Franklin Planner’s mission is to help people lead their life—individually and as leaders. So as we wrap up, could you recommend two or three daily actions that can dramatically increase trust, both with yourself and with others?

Absolutely. Here are three things you can do right away.

First, focus on yourself. Focus on your credibility and behavior. Identify one or two high-leverage trust behaviors you can improve—keeping commitments, clarifying expectations, listening first, creating transparency.

Trust is built through behavior. Make it tangible. Choose one behavior and practice it consistently.

Second, get really good at declaring your intent. Share not just what you’re doing, but why you’re doing it. Always give the “why” behind the “what.”

When you don’t declare your intent, people will ascribe intent to you anyway—and usually from fear. Transparency builds trust. Declaring intent removes guessing.

Third, focus not only on being trustworthy, but on being trusting. Look for ways to extend more trust—smart trust—to others.

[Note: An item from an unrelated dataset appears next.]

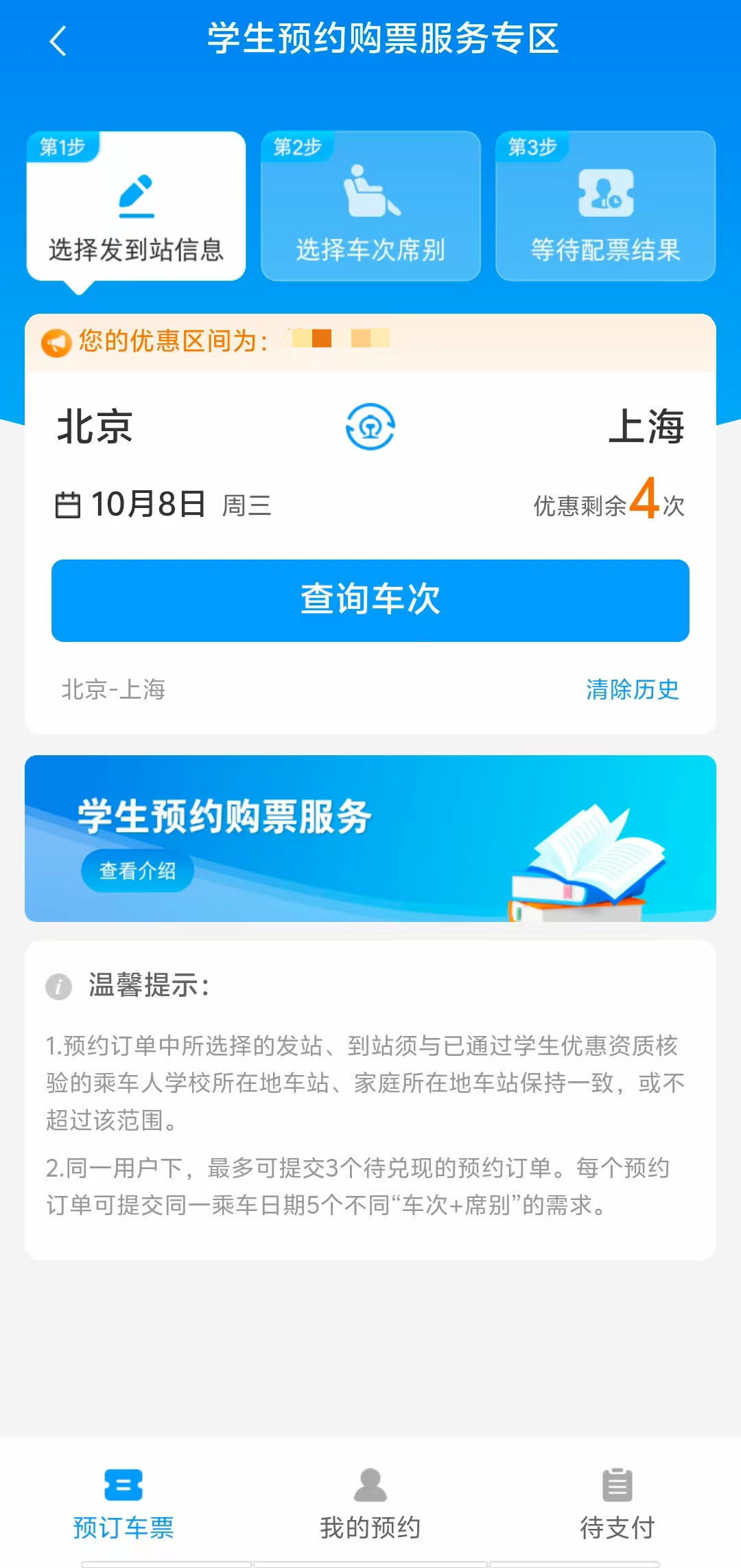 “我的”界面“学生预约购票”专区

When people are trusted, they rise to the occasion. They grow. They perform better. And they reciprocate trust back to you.

Leaders go first. They lead their life by being trustworthy and by being trusting.

Conclusion and Final Thoughts

I love that—identify the behavior, declare your intent, and be more trusting. Those are powerful, practical steps.

I’ll put links in the show notes to Stephen’s books and ways to connect with him. But more than anything, I want to thank you for being here—not just for your background and insights, but for your genuine desire to help people lead their lives more effectively and with more trust.

Absolutely. I love your focus on leading your life. I remember an early phrase we used to say: “Why just manage your time when you can lead your life?”

Time management matters, but the overarching principle is leading your life—prioritizing your schedule and scheduling your priorities.

Trust is the foundation of a life well led. When you trust yourself, everything else gets better—your relationships, your leadership, your impact on society.

Beautifully said.

If you’re listening to this episode, share it. And remember: no matter where you are or what you’re doing, it’s never too late to start living the life you’re meant to live.

I’m George Wright III, your host. Have an amazing day—and we’ll talk with you soon.